Reputation: 99
I am trying to make a hexbin plot in python of a rather large data set. The two arrays containing the data are 35 million entries long. However, they only take up 1.5 GB of memory and I have more than 4 GB of memory available. Hexbin fails with a memory error.
*** error: can't allocate region
*** set a breakpoint in malloc_error_break to debug
Traceback (most recent call last):
File "plotmodel.py", line 20, in <module>
plt.hexbin(d,t,m, bins='log', gridsize=20, xscale='log', lw=1, edgecolors='black', alpha=0.8, cmap=plt.cm.jet)

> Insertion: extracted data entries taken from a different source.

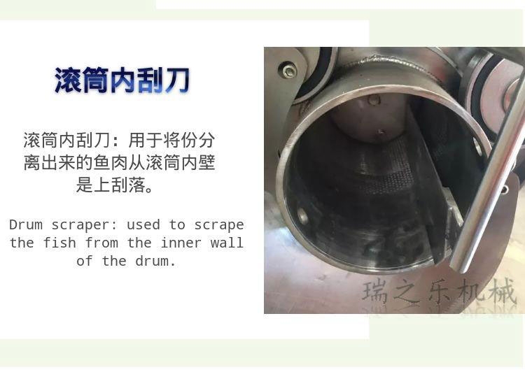 1、滚筒内刮刀:用于从滚筒内分离出来的鱼肉从滚筒内壁刮落
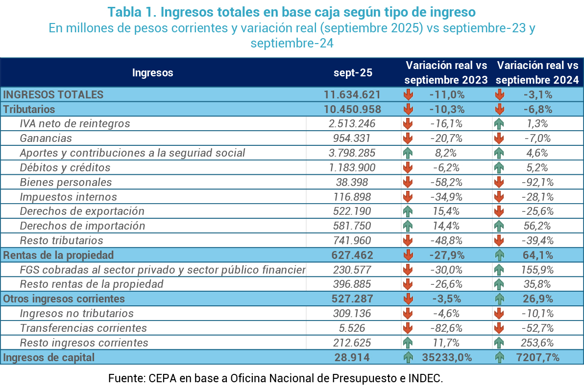 - Incremento real en los ingresos: los ingresos totales alcanzaron $11,63 billones, observando una caída interanual del 3,1% en términos reales explicado parcialmente por la finalización de la vigencia del Impuesto PAIS, en comparación con septiembre 2023. En los primeros nueve meses de 2025 se puede observar una caída en los ingresos de 7,6% en relación con el mismo período de 2023.
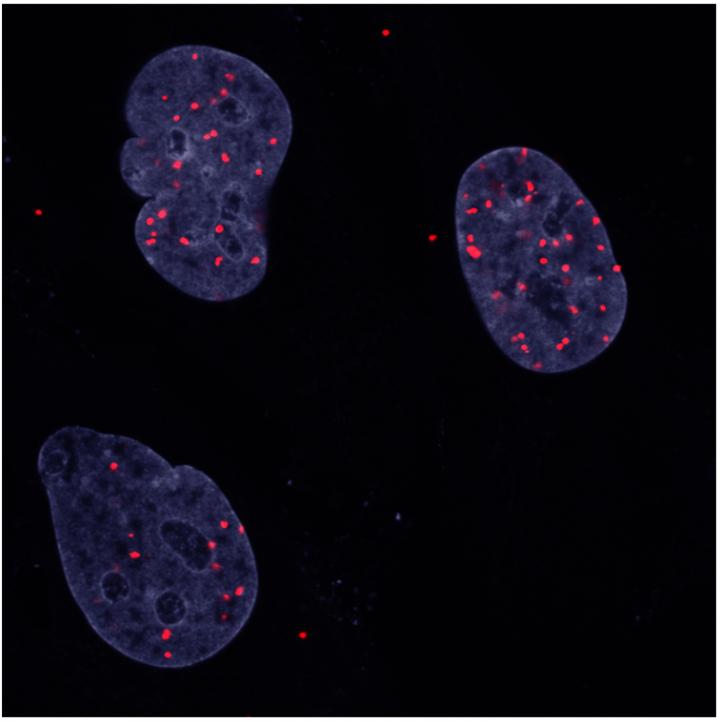 image: Losing their inhibitions: Cells prefer not to be crowded and stop proliferating once too densely packed. A technique called proximity ligation analysis reveals an interaction between two proteins (YAP and YY1) in the nuclei of human Schwann cells. YAP and YY1, working together, can shut off this behavior. The red dots represent the interaction, nuclei are stained in blue.
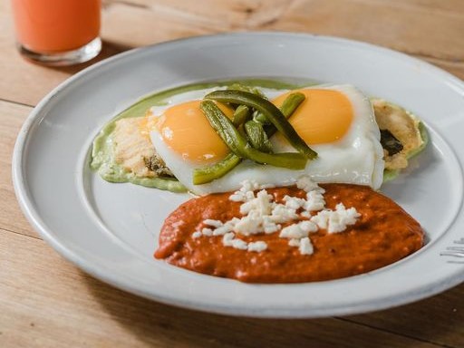 Tamal de elote con dos huevos estrellados encima bañado en crema de chile poblano acompañado de frijoles.
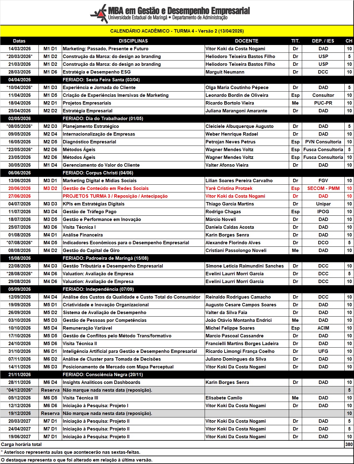 CALENDÁRIO MBA - TURMA 4 - Atualizado em 26/02/2026.
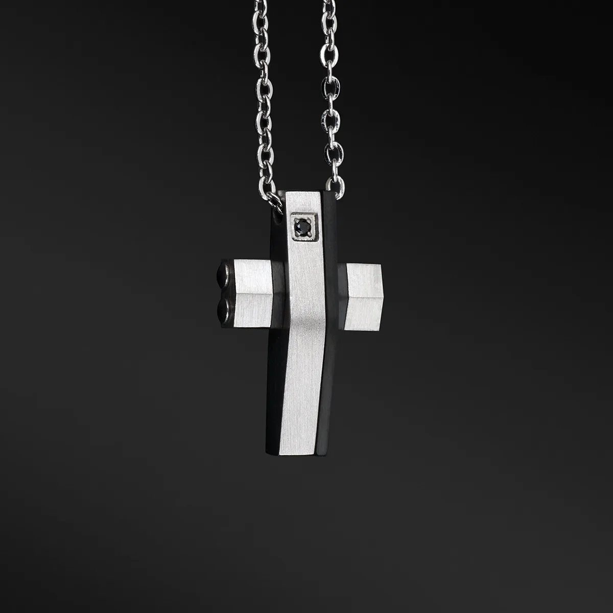 TRIBUTE, αντρικό, κολιέ, από, ανοξείδωτο, ατσάλι με σταυρό, μαύρο, επιπλατίνωμα,
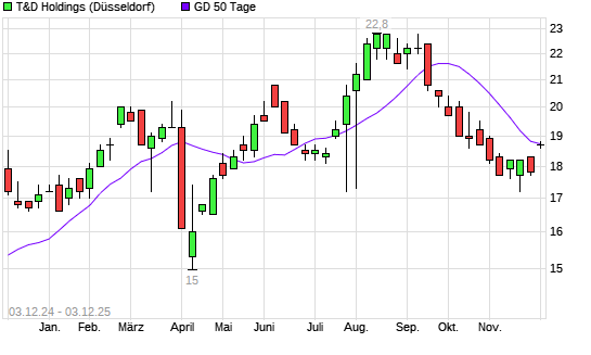 Mit dem Anstieg auf 18,90 EUR hat die T&D Holdings-Aktie am 02.12.2025 die 50-Tage-Linie nach oben gekreuzt.
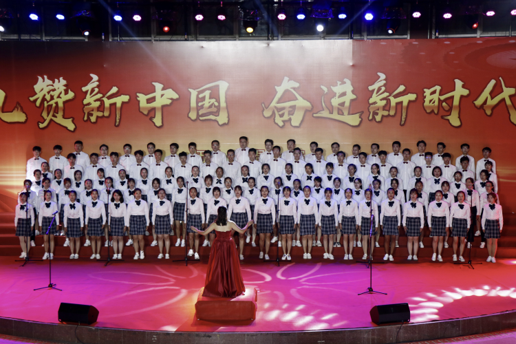 代表队以9.95分的成绩荣获第一名。活动接近尾声,学校领导带领全场齐唱歌曲《没有共产党就没有新中国》,回忆往昔峥嵘岁月,歌颂伟大的党和祖国。比赛结束后全体领导嘉宾合影留念。
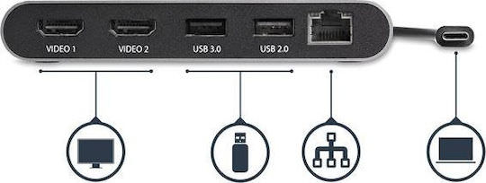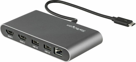 StarTech USB-C / USB-A Docking Station με 4K Ethernet Γκρι (TB3DKM2HDL)
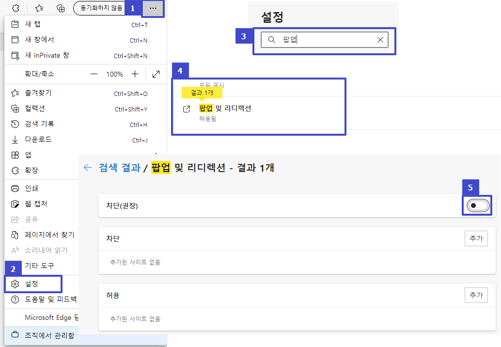 1. Edge 브라우저는 아래 내용 참고하셔서 팝업 차단을 해제하실 수 있습니다.
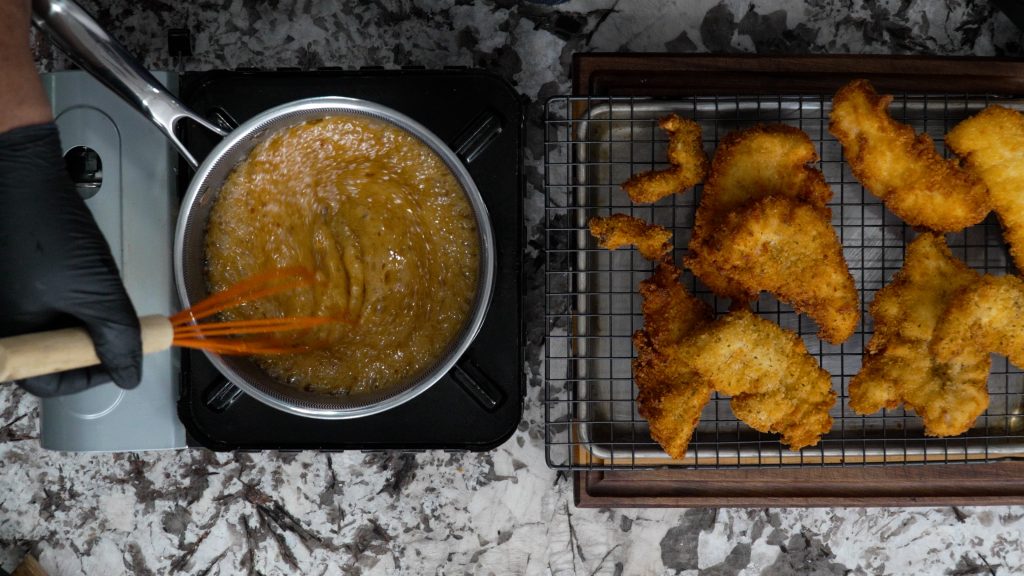 While the chicken is frying, prepare the hot honey glaze. In a small saucepan, melt the butter over medium heat. Stir in the honey, hot sauce, red pepper flakes, and apple cider vinegar. Allow the sauce to simmer for 2 to 3 minutes until slightly thickened and well blended.
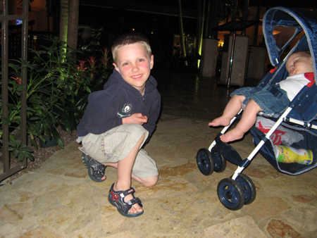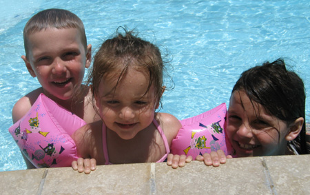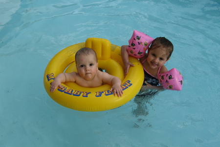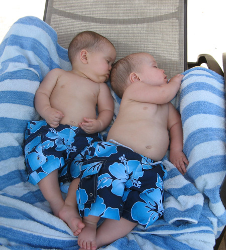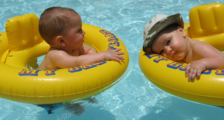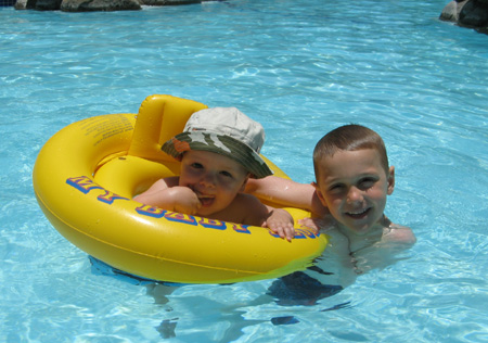 | So what makes a better vacation photo, two boys on a lounge chair or two boy hanging out in their floaties. |
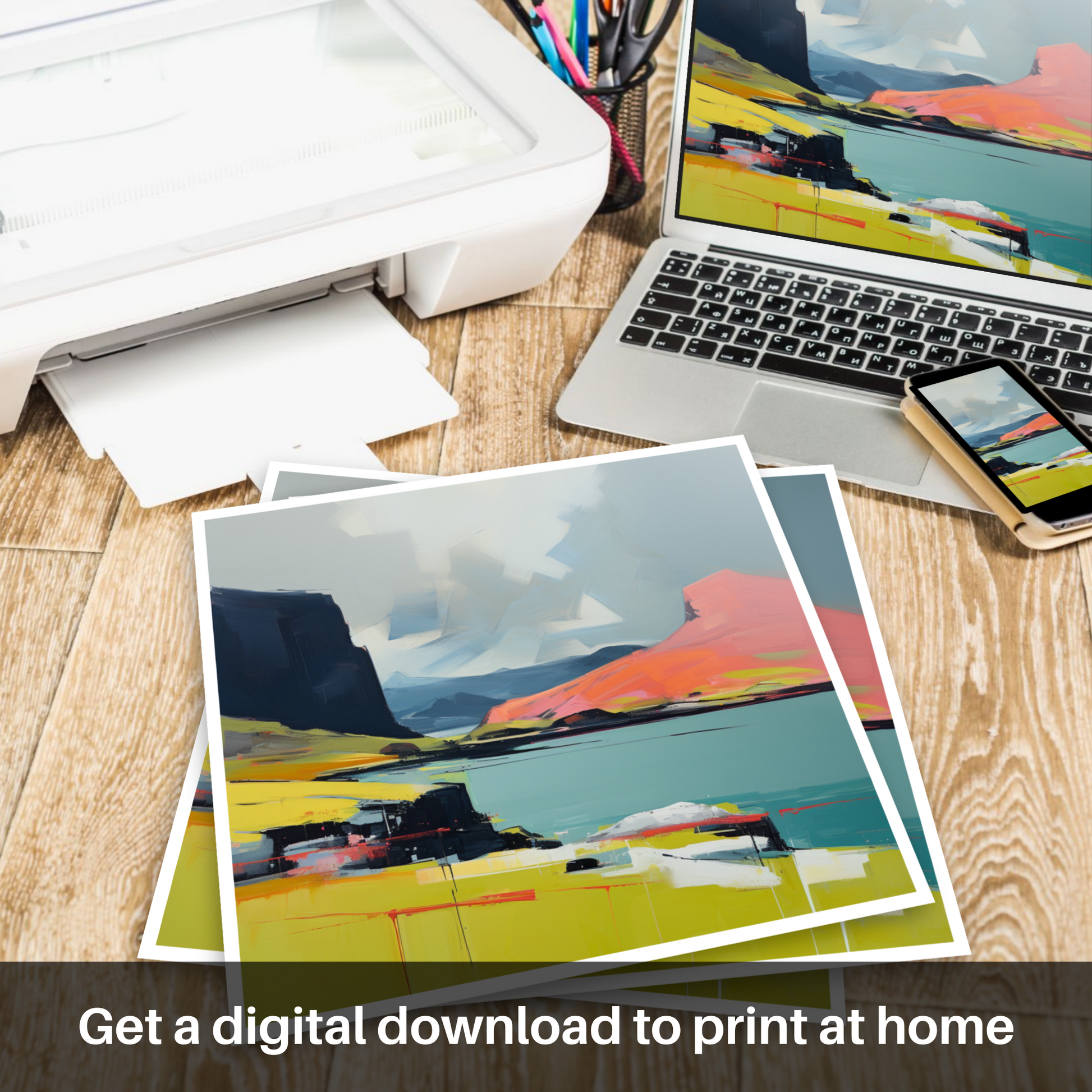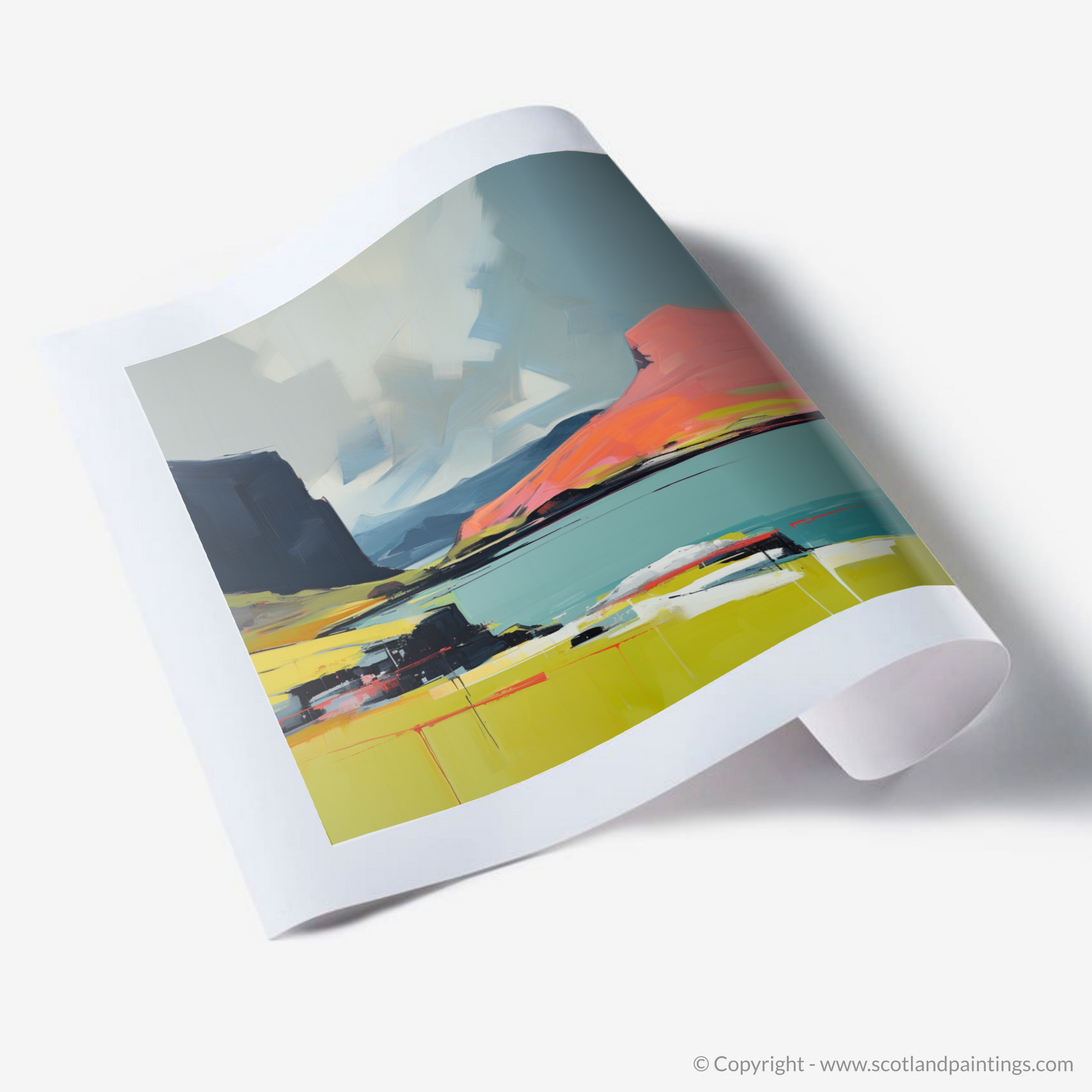 Steeped in vibrancy and raw energy, this compelling piece captures the essence of the Isle of Skye with a bold, contemporary perspective. Evocative of the dramatic landscapes that the Scottish island is famed for, the print showcases a kaleidoscope of colours that artistically blur the lines between land, sea, and sky.

File "/Library/Frameworks/Python.framework/Versions/7.1/lib/python2.7/site-packages/matplotlib/pyplot.py", line 2142, in hexbin
ret = ax.hexbin(x, y, C, gridsize, bins, xscale, yscale, extent, cmap, norm, vmin, vmax, alpha, linewidths, edgecolors, reduce_C_function, mincnt, marginals, **kwargs)
File "/Library/Frameworks/Python.framework/Versions/7.1/lib/python2.7/site-packages/matplotlib/axes.py", line 6035, in hexbin
iy2 = np.floor(y).astype(int)
MemoryError
Are there any fundamental reasons why hexbin doesn't work on large data sets or is the error due to hardware limitations?
Upvotes: 0
Views: 410
Reputation: 87426
It looks like hexbin
makes several np.ndarray
s that are the same size as the input data (by rough count I got to 8!). There is nothing fundemental about this, it is written this way, its done to get the vectorization speed up from numpy
.
I would suggest pulling the hexbin
out of mpl, split it into three parts, the first part which sets up details of the hexarray, the second which adds data to an accum
array (so you can work on you data in chunks), and the third part which takes accum
and the output of the first part to actually make the plot.
Upvotes: 2